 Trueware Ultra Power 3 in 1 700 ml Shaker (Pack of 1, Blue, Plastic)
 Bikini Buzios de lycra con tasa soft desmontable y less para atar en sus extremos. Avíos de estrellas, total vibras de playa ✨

• • • •

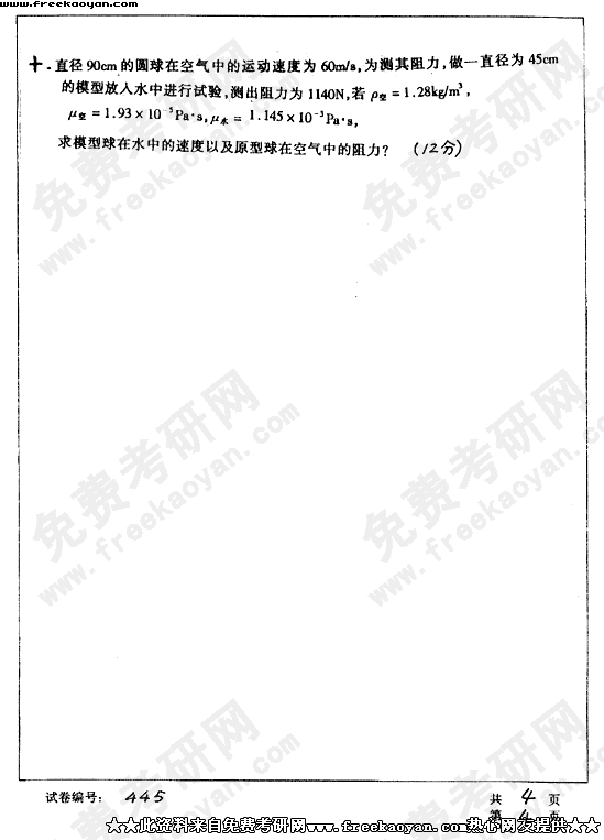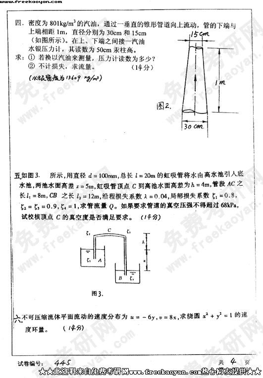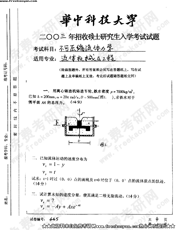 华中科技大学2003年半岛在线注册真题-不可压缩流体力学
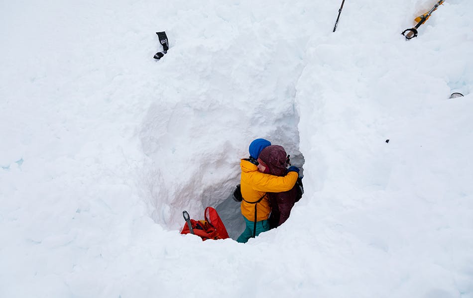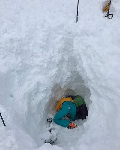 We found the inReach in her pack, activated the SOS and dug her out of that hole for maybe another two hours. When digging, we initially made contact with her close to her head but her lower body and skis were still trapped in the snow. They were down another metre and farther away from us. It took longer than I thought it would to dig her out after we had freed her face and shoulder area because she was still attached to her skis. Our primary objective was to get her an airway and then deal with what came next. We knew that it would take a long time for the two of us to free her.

• • • •

Look back at the entries above and repeat, unchanged, every line from the line holding "Trueware Ultra Power" through the line holding "Bikini Buzios de".

 Trueware Ultra Power 3 in 1 700 ml Shaker (Pack of 1, Blue, Plastic)
 Bikini Buzios de lycra con tasa soft desmontable y less para atar en sus extremos. Avíos de estrellas, total vibras de playa ✨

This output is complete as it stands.